CHARLESTON, S.C. (BP)–Heeding President Bush’s call for Americans to help their own — and mindful of Jesus’ command in Matthew 28 to “go ye therefore and teach all nations” — more than 20 students from Charleston Southern University spent Spring Break volunteering and ministering “at home” in Charleston, S.C., and in snowy Charleston, West Va.

It marked the fourth year that CSU students have traveled to West Virginia for Spring Break outreach projects, partnering each year with West Charleston Baptist Church.

Cleaning commodes, insulating windows, filling potholes in the driveway and painting were just a few of the activities the West Virginia team helped perform. They helped Fairlawn Baptist Church members renovate an elementary school the church bought to turn into new worship space.
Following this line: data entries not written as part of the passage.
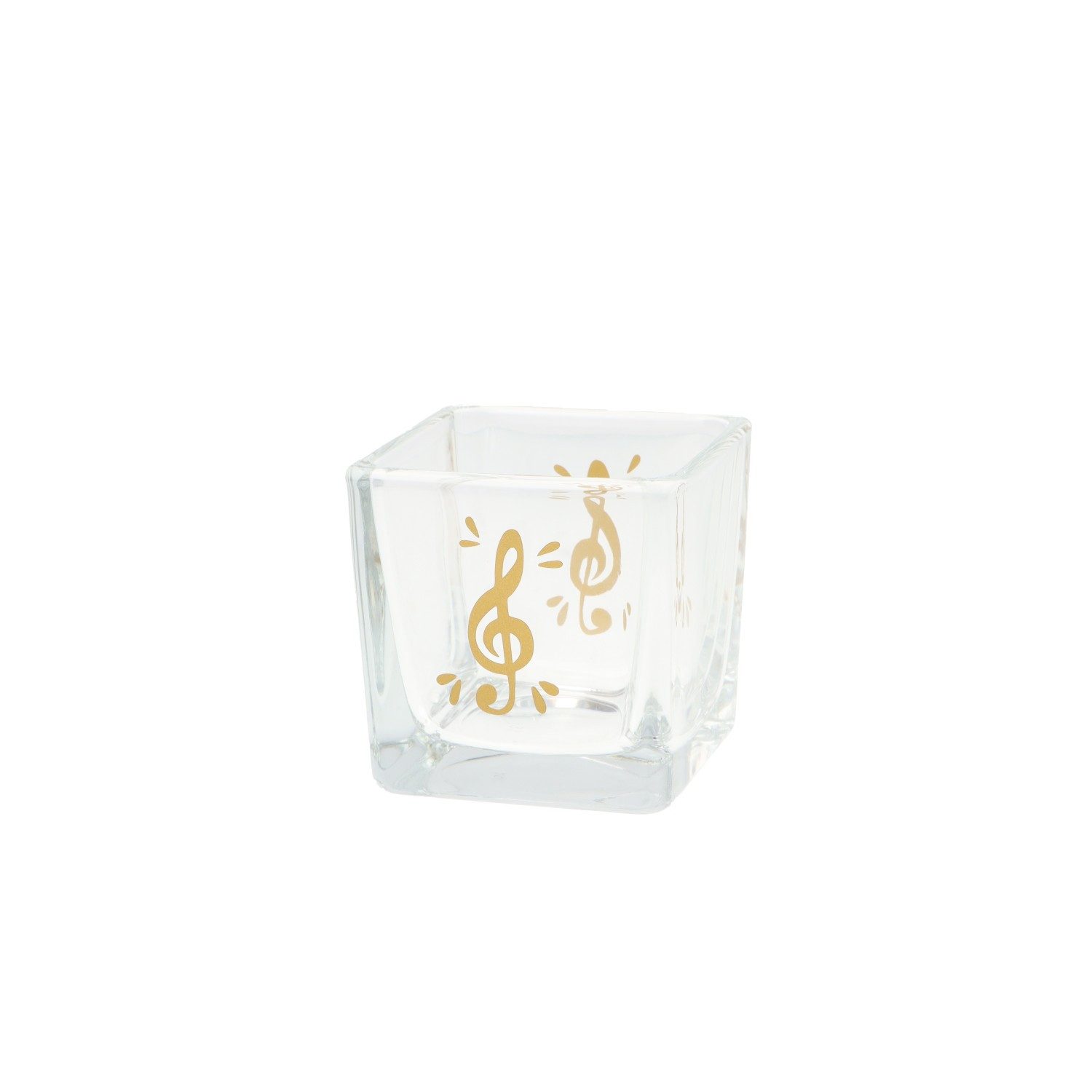 quadratisches Teelichtglas mit Violinschlüssel, Windlicht (beidseitig)
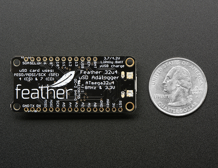This is the Adafruit Feather 32u4 Adalogger - our take on an 'all-in-one' datalogger (or data-reader) with built in USB and battery charging. Its an Adafruit Feather 32u4 with a microSD holder ready to rock!
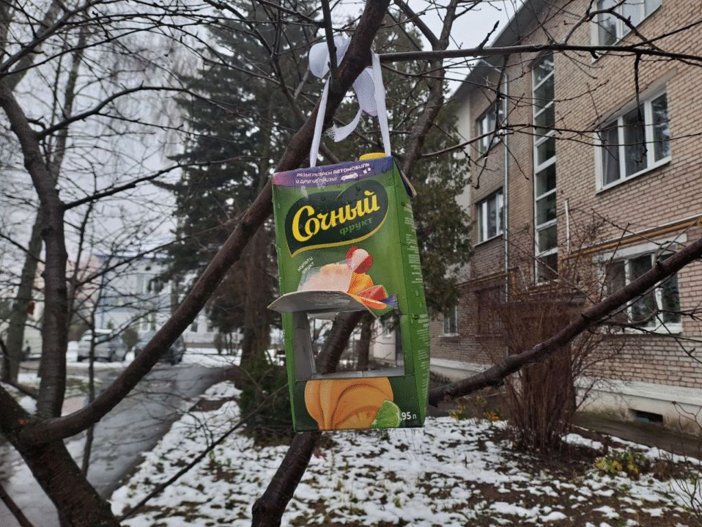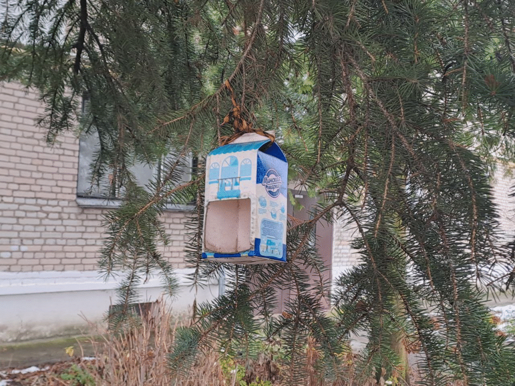 Выпал первый снег, и на деревьях появились кормушки. У дома № 8 по улице Жодинской у каждого подъезда мы нашли по кормушке. Кто-то купил даже специальный девайс.
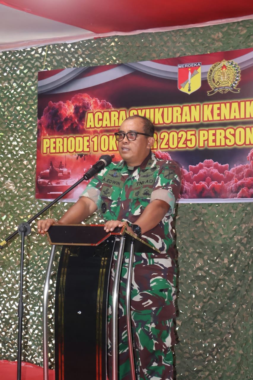 Pada kesempatan itu, Kapaldam XIII/Merdeka Kolonel Cpl Andi Edwin Mufiandi mengucapkan selamat kepada para personel Paldam XIII/Merdeka yang telah memperoleh kenaikan pangkat satu tingkat lebih tinggi dari pangkat semula.

They visited a welfare office and a bus station, and they threw a block party for a mobile home park. And they also worked with two other churches, Lighthouse Baptist and Living Hope Baptist.

The team, led by Campus Ministries Assistant Jenny Dowdy, pulled up outside a welfare office one cold morning and unloaded boxes of doughnuts and jugs of coffee. They spent about two hours inside, handing out the food and talking to people.

“In many cases, it gave us an opportunity to sit down with them for a lengthy amount of time and pray with them and hear their life story,” said Heather Merwin, a CSU junior from Vermont who has gone to West Virginia every Spring Break since she came to the University.

The students did essentially the same activities at the Transit Mall, except they handed out cakes and sodas. Again, they saw a need for that kind of ministry. “Often, people are just hungry for someone to listen to them,” Merwin said. And sometimes the outreach takes hold. “Sometimes they do call [the church] back, or they do start coming to the church.”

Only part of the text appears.